Monday – Tuesday, October 22 – 23, 2012 – Damn Pebbles
I feel like a hot mess right now. The rash that was just on my left arm is now
on the right one too. I still think it
was the bleach; maybe it just took longer for it to set in. I think the hydrocortisone cream that I’ve
been putting on has helped a bit; hopefully it will get better tomorrow. I haven’t gotten over my illness fully yet
either, I’ve still got a cough and runny nose, but it’s not too bad. The worst thing is that when I was eating my
sandwich today, there was a little pebble in it. I ended up breaking a tooth on it – not too
bad, it doesn’t hurt, but I’m not exactly happy about it either. I texted the PCMO (Peace Corps Medical
Officer) about it and they said to talk to the nurse when she comes in tomorrow. Apparently next time I am in Yaoundé
(whenever that is) I can go to the dentist, so I’m supposed to get details from
her. I’ll probably talk to her about the
rash and all that too. She wasn’t there today, I guess I’ll have to
talk to her tomorrow.
At least it’s not a front tooth or something. It’s one of the molars. I can’t keep myself from tonguing the sharp
edge though. That damn pebble looked
exactly like one of the beans I was eating.
I should have been more careful eating – this is almost the same thing
that happened to PVA when we were in Timor-Leste. In developing countries it’s hard to keep
little rocks out of stuff like beans and rice.
The funny thing is that last night I helped my host-brother go through
our rice for little rocks.
We’ve been learning Cameroonian slang, which is pretty
interesting. I’ve been trying to use it
more often.

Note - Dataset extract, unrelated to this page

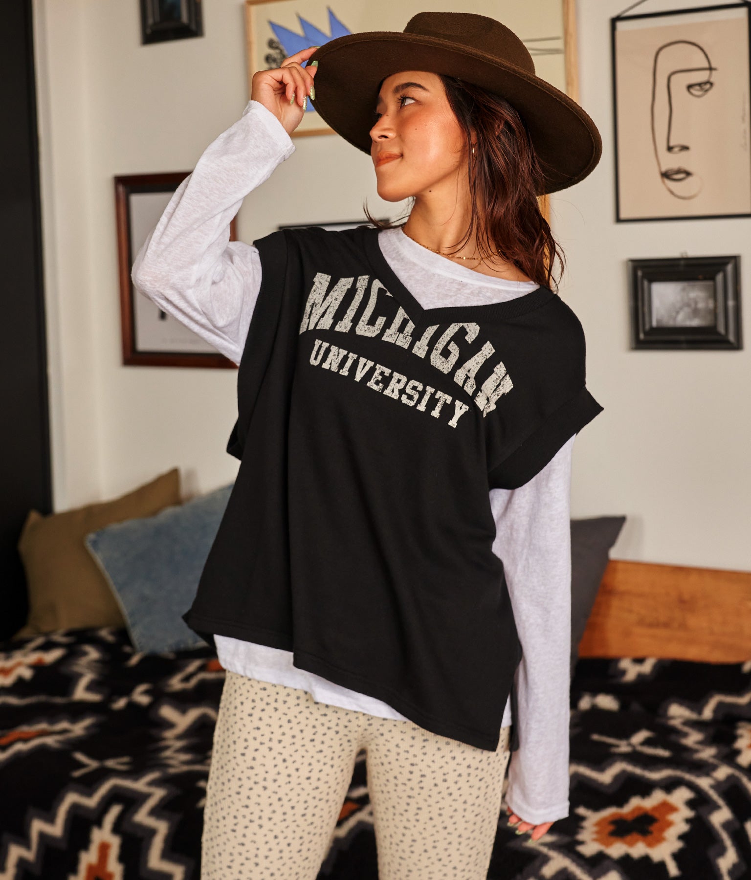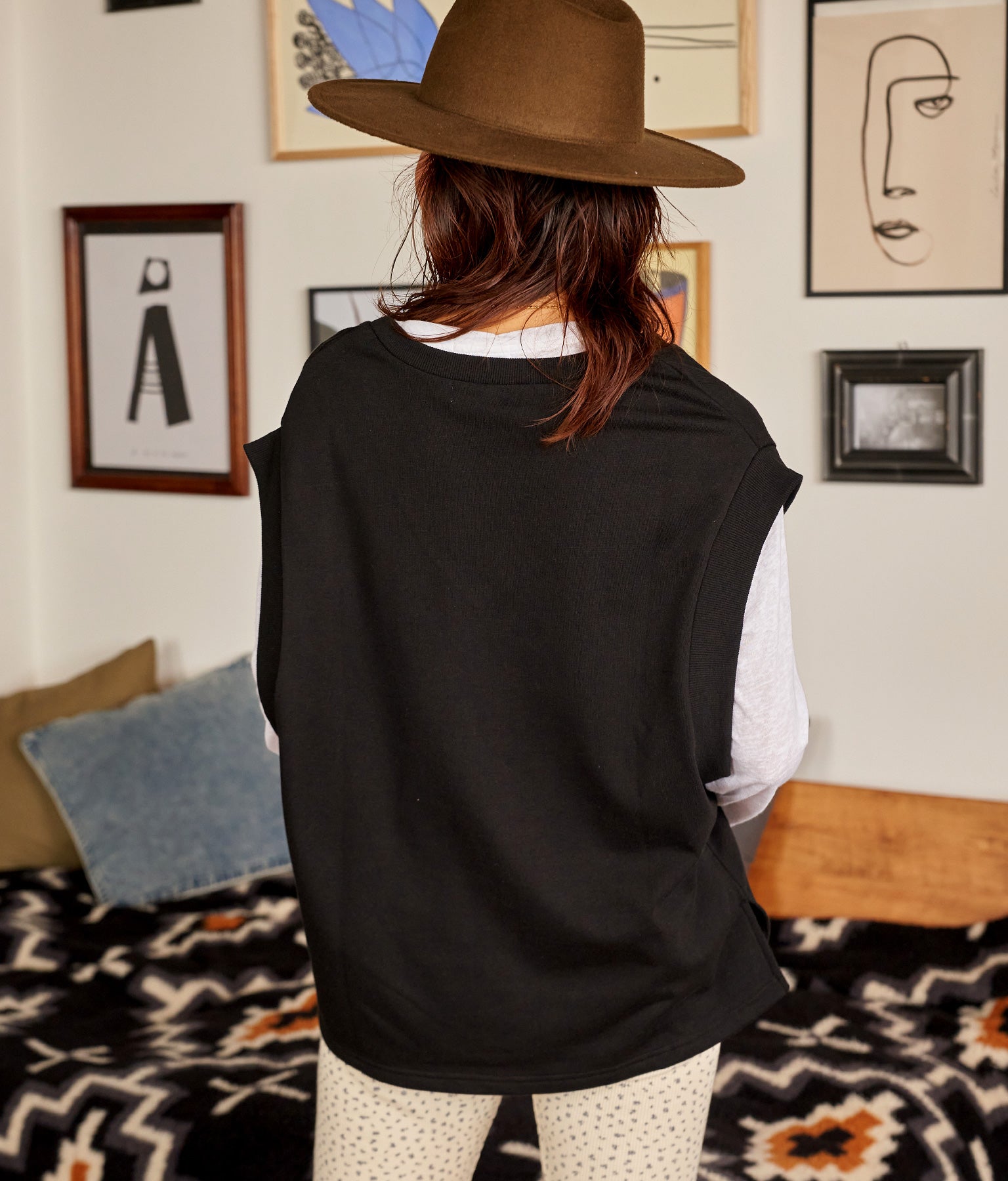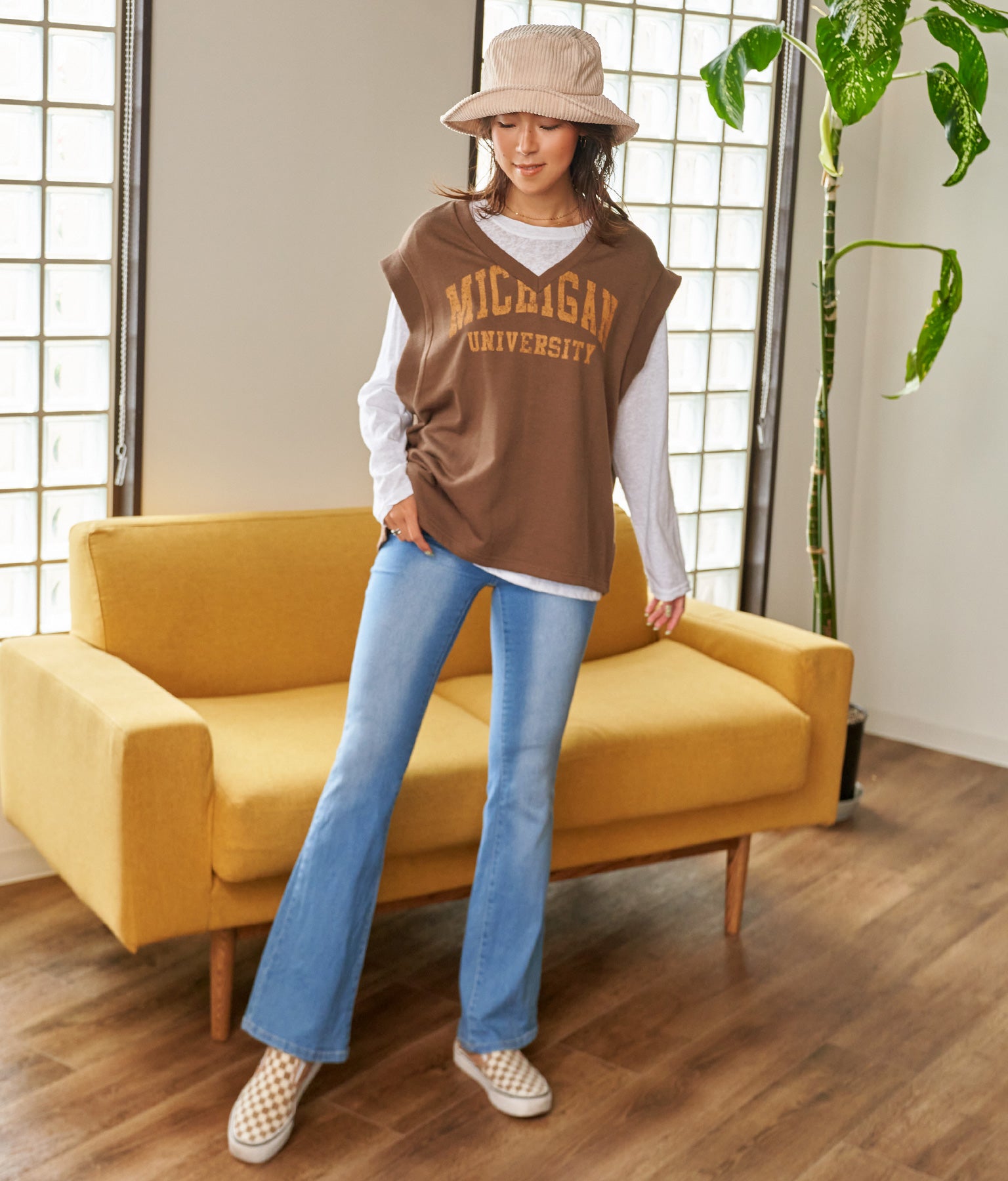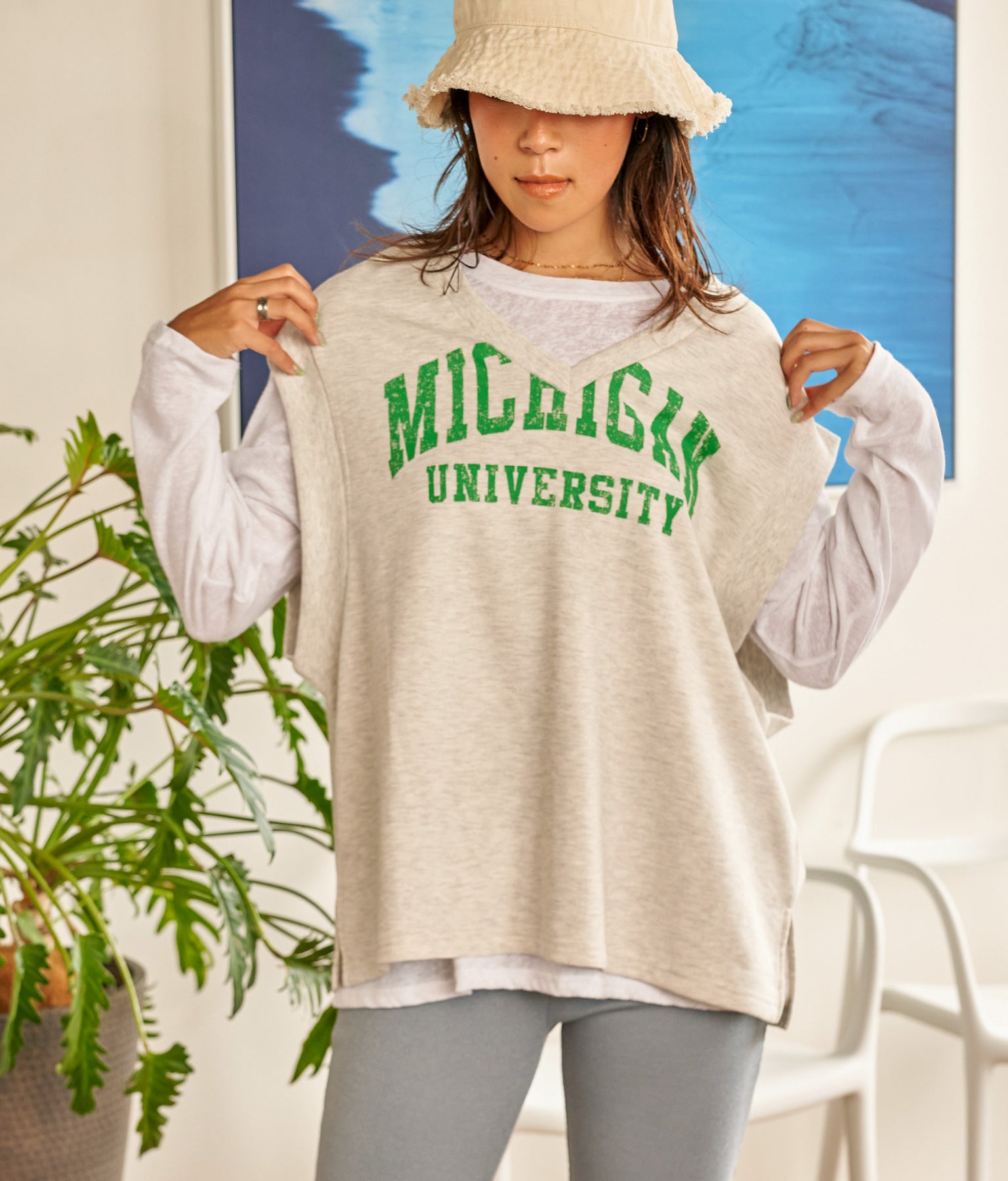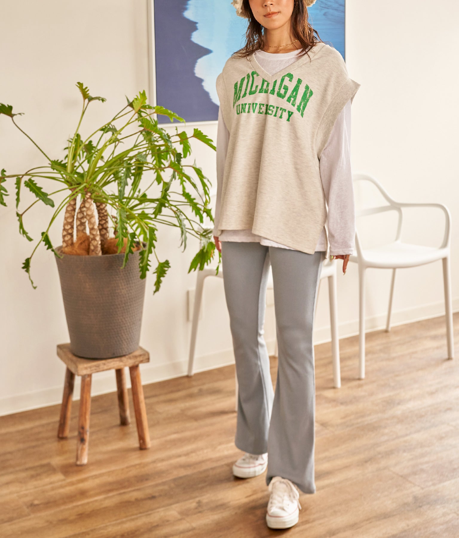 カジュアルなカレッジロゴプリント入りのスウェット素材のBIGベスト。

Here are some examples:
On dou how? – what’s up?
C’est how? – how are you?
Je suis foiré or être nguémé or être pommer – I’m broke
Je wanda – I’m surprised
Dépose-moi! Or Mets moi par
terre – Leave me alone
J’ai les nerfs – I’m angry
Faroter – to make it rain
Le faroteur – person who makes it rain
Have sex – pistacher or finir or écraser le pistache or faire
l’amour or la combo
Big breasts – les lolos or les seins
Le way – vagina
Libérer le way – open your legs
La mop – French kiss
Il faut se chausser avant d’écraser le pistache – put on a condom
before sex
Être stylé or être nianga or être frais or être sapé – sexy dresser
La ngâ or la petite or la ngo or la chaude – girlfriend
Le djoh or le man or le gars – boyfriend
Fait quoi fait quoi – whatever happens, happens
Le do (dough) or les fafiots or les ronds – money
Waka – to walk
La tchop or la niama or la bouffe – food
My favorite is On ne suce pas le bonbon emballé (you
wouldn’t eat candy without a wrapper) or on ne mange pas une banana sans
l’éplucher (you wouldn’t eat a banana with the peel on) – it’s something
Cameroonians like to say to avoid using condoms.
Also, don’t judge me that so many of these had to do with sex, that’s
pretty much all we talk about in YD (sexual reproductive health of
course). It probably doesn’t help that
I’ve been… alone… for a month though.
Tomorrow Environment is going on a 4-5 day field trip. Health gets a 3-4 day one too. YD only gets a one-day field trip. I know we’re a new program, but come on! I want to see more of the country on Peace
Corps’ dime and training time! And while
I’m complaining, Environment gets machetes and hoes and papaya and sugar cane,
can YD not get NERF guns or something?
On the path from my house to a friend's down the road |
Other side of that path, their place is on the right |
Playing a game called Lions vs. Elephants to show how AIDS affects you. These are the lions getting ready. |
At first it appeared that the Elephants had the upper hand, this did not last. |
Bahahaha those slang phrases are pretty hilarious!